GIVEN DATA Start Marker

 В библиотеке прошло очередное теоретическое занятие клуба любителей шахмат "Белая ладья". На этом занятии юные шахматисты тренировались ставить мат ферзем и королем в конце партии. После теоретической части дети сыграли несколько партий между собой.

GIVEN DATA End Marker
GIVEN DATA Start Marker

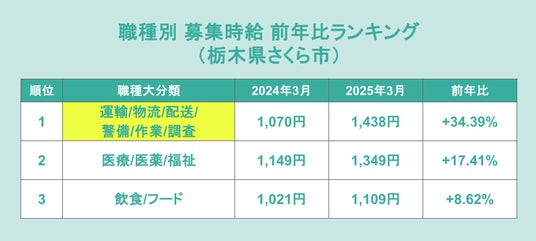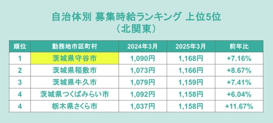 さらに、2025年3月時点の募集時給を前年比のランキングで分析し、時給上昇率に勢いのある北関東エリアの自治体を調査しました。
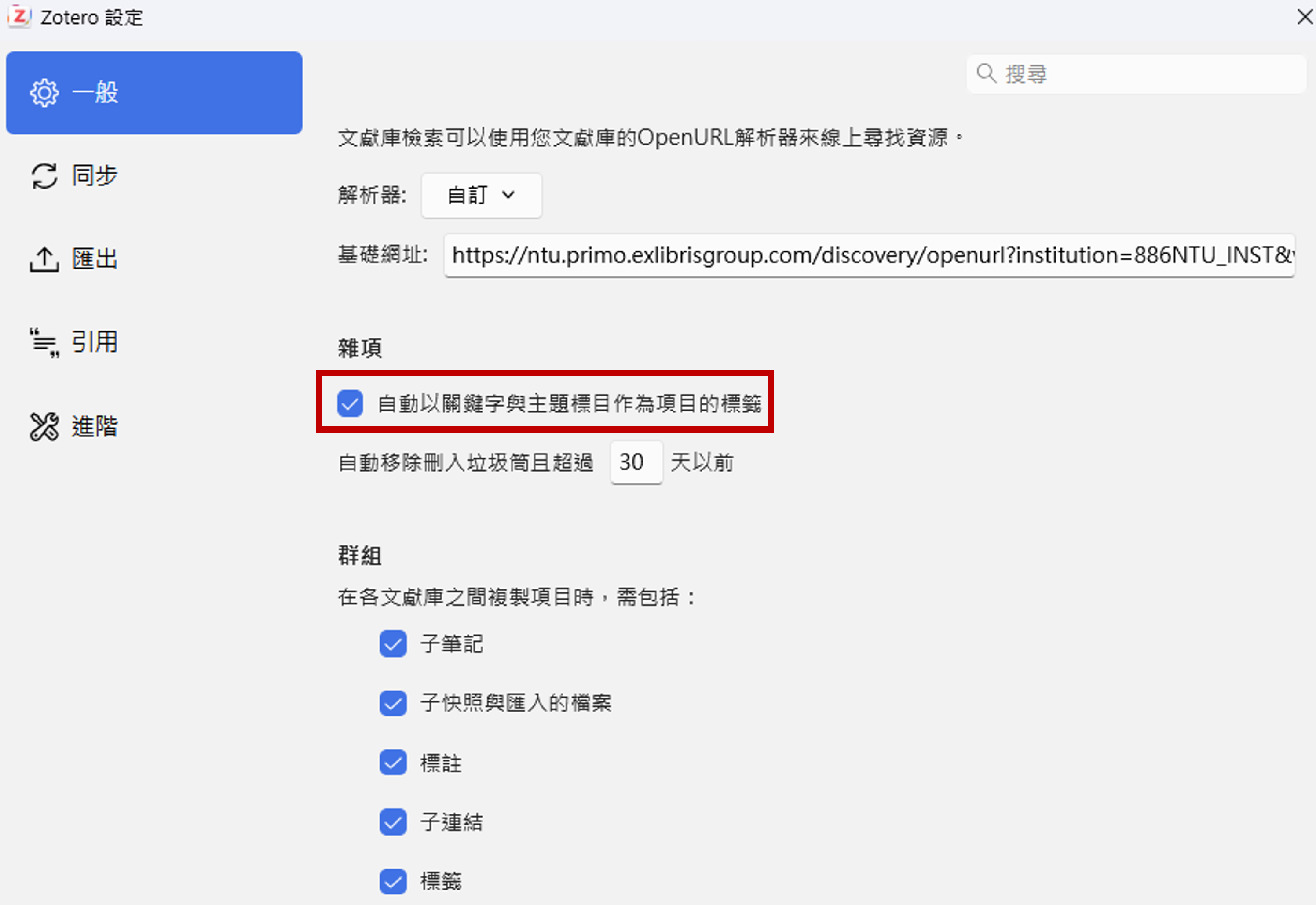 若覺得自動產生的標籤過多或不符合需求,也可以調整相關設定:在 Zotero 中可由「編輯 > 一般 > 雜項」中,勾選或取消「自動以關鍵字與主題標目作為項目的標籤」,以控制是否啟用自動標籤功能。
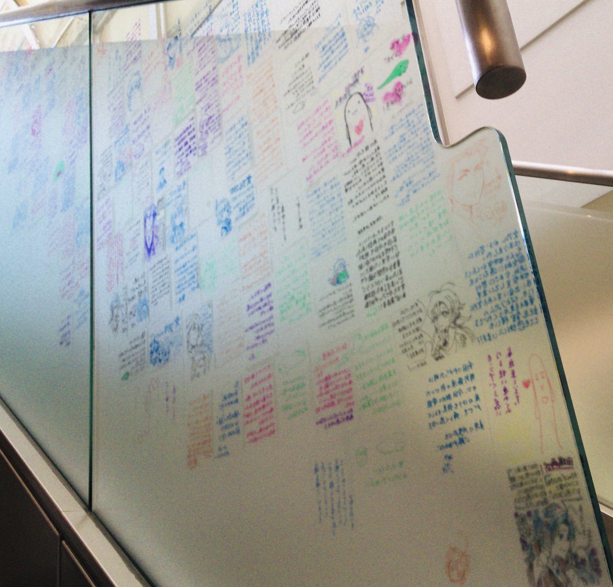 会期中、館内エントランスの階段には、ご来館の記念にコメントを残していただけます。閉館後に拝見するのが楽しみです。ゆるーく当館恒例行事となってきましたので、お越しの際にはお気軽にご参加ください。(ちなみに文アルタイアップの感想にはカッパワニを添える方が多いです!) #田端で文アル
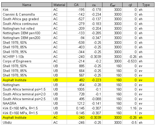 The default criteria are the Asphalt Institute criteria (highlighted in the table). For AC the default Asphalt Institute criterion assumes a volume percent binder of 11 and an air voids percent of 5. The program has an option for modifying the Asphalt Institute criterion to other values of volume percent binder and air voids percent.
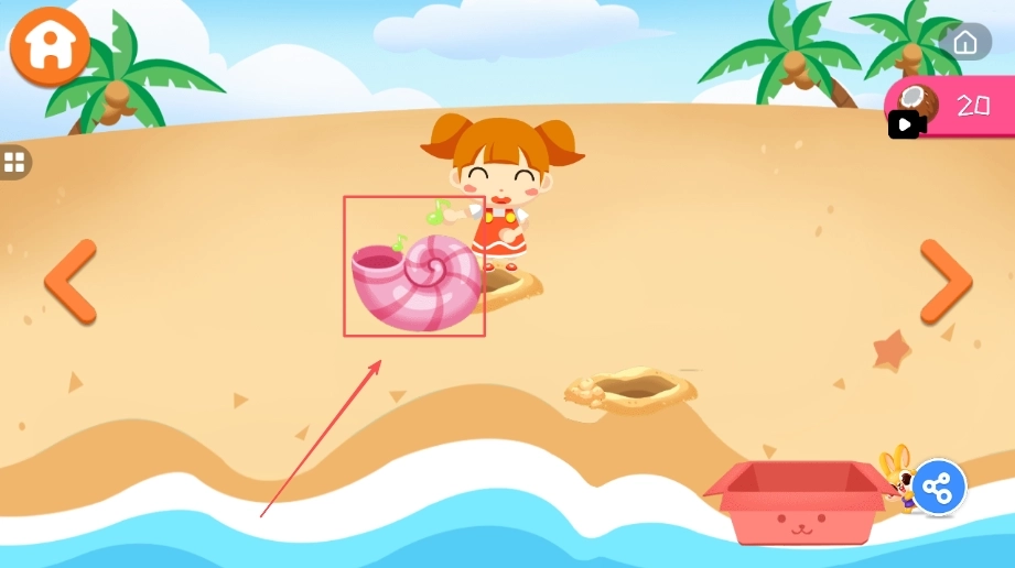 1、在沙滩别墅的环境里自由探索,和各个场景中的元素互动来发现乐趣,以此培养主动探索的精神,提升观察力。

GIVEN DATA End Marker
GIVEN DATA Start Marker

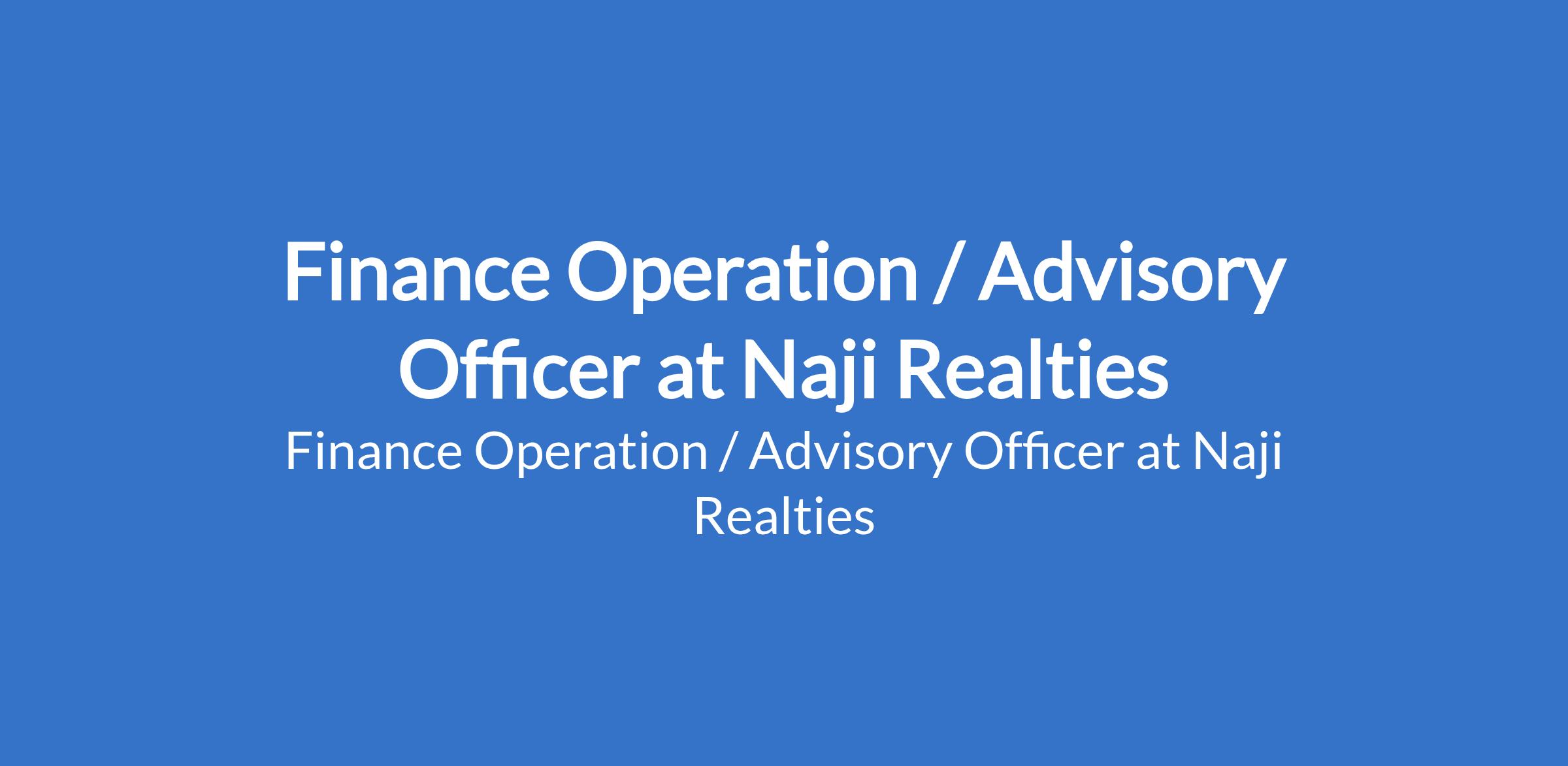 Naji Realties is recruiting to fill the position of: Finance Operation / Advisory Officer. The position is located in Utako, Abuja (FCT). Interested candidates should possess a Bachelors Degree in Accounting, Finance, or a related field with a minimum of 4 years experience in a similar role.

GIVEN DATA End Marker

**ASSIGNMENT:** When you reach the line with "若覺得自動產生的標籤過多或不符合需求,也可以調整相關設定:在 Zotero 中可由「編輯" in the records above, begin repeating the lines exactly, and stop after the line with "会期中、館内エントランスの階". Skip all pictures.

**THE ANSWER:**
 若覺得自動產生的標籤過多或不符合需求,也可以調整相關設定:在 Zotero 中可由「編輯 > 一般 > 雜項」中,勾選或取消「自動以關鍵字與主題標目作為項目的標籤」,以控制是否啟用自動標籤功能。
 会期中、館内エントランスの階段には、ご来館の記念にコメントを残していただけます。閉館後に拝見するのが楽しみです。ゆるーく当館恒例行事となってきましたので、お越しの際にはお気軽にご参加ください。(ちなみに文アルタイアップの感想にはカッパワニを添える方が多いです!) #田端で文アル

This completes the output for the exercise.